For these models, I found that all three implementations (i.e., Transformers AutoModel, sentence_transformers, and mteb) are exactly the same. This consistency is great to see.
nvidia/NV-Embed-v2
nvidia/NV-Embed-v1

In these cases, the official implementation of Transformers AutoModel differs from the official sentence_transformers implementation, which is unexpected. The implementation in mteb aligns completely with sentence_transformers.

I also wanted to share the code I used for this comparison: View the Gist

Please note that questions regarding the correctness of prompt usage were not within the scope of this study.

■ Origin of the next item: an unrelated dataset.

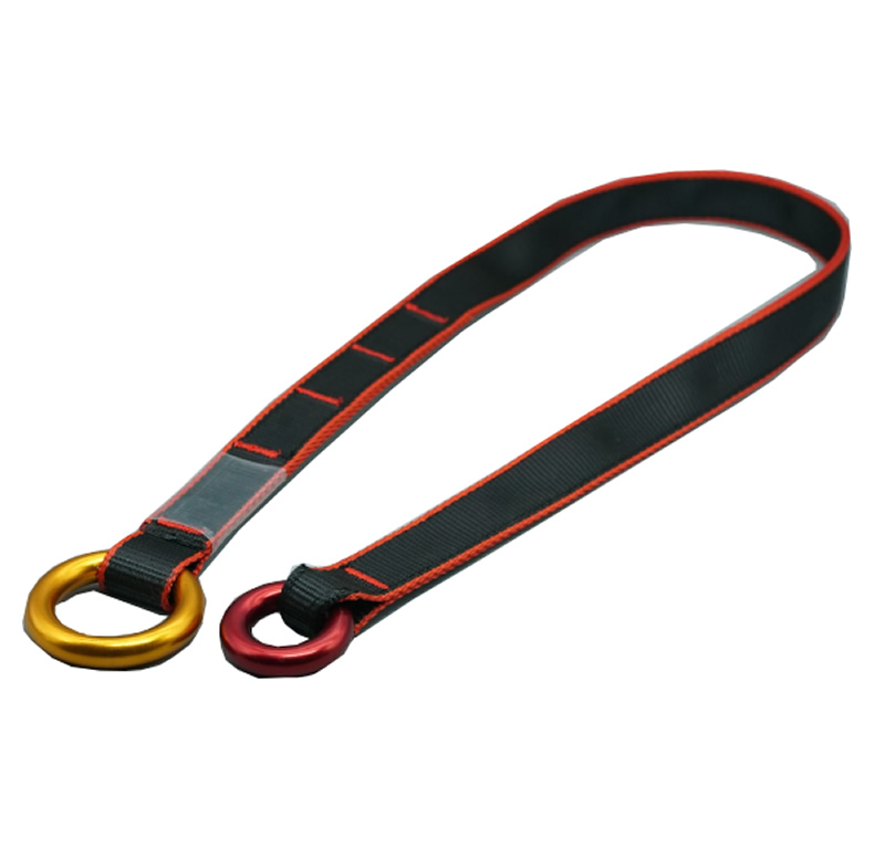 Special fixed anchor points for work on trees, and the reinforced flat belt design can cope with the complex working environment on trees and protect trees from damage. Asymmetrical design with metal hanging loops on both sides, color separation for easy identification. Can be installed directly on the ground, length: 90cm, 120CM Pull force: 22KN, EN 795/B

However, it does highlight that the models added to mteb are correctly implemented.

P.S.
I created a discussion in the nvidia repository about this problem

AlexeyVatolin · 2024-12-17T15:04:17Z

Qwen model repository includes a script to calculate scores for their models on the MTEB benchmark. I ran this script on the same tasks covered in my pull request.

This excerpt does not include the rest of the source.